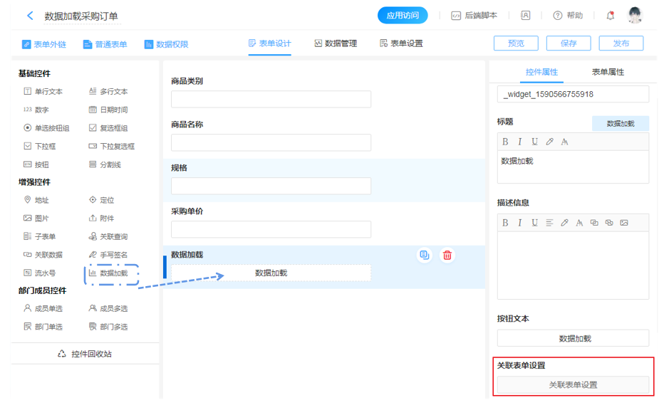 实际上,我们可以在商品采购表单中进行关联表单设置,借助数据加载功能实现商品信息数据的调用。我们在采购订单表单添加数据加载控件后,选中点击右下方的关联表单设置,我们就可以设置联动规则。
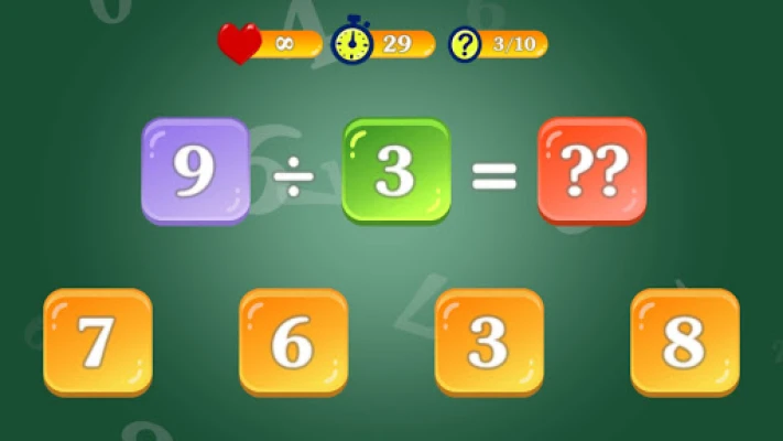 Suitable as a task from an adult child. You choose what numbers will multiply and division, as well as how much time, questions and lives will be at your disposal.
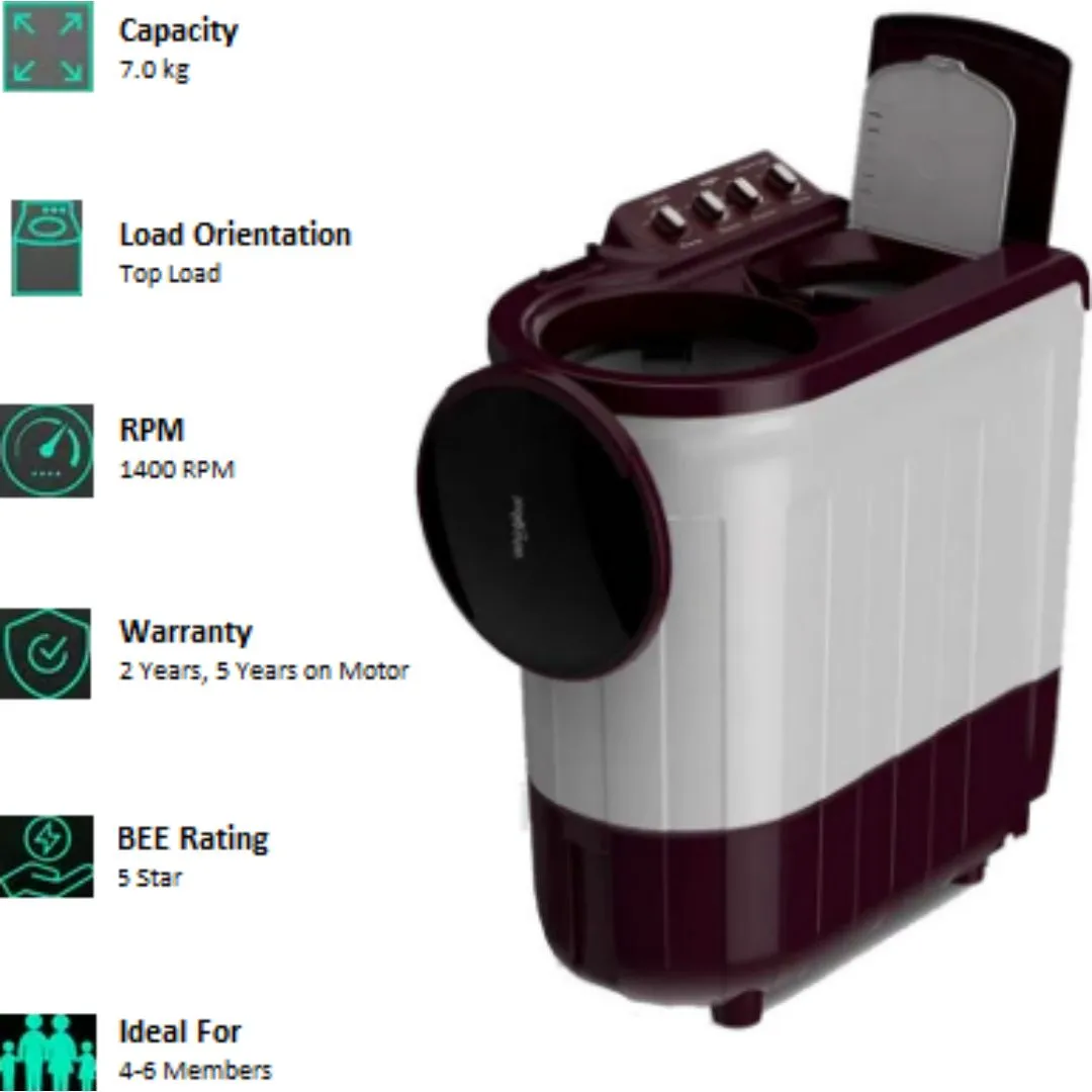 - 7.0 kg Capacity: Ideal for small to medium families.

Task details -> Only the text of the material belongs in your copy, which must match the original exactly.

The answer ->
 实际上,我们可以在商品采购表单中进行关联表单设置,借助数据加载功能实现商品信息数据的调用。我们在采购订单表单添加数据加载控件后,选中点击右下方的关联表单设置,我们就可以设置联动规则。
 Suitable as a task from an adult child. You choose what numbers will multiply and division, as well as how much time, questions and lives will be at your disposal.
 - 7.0 kg Capacity: Ideal for small to medium families.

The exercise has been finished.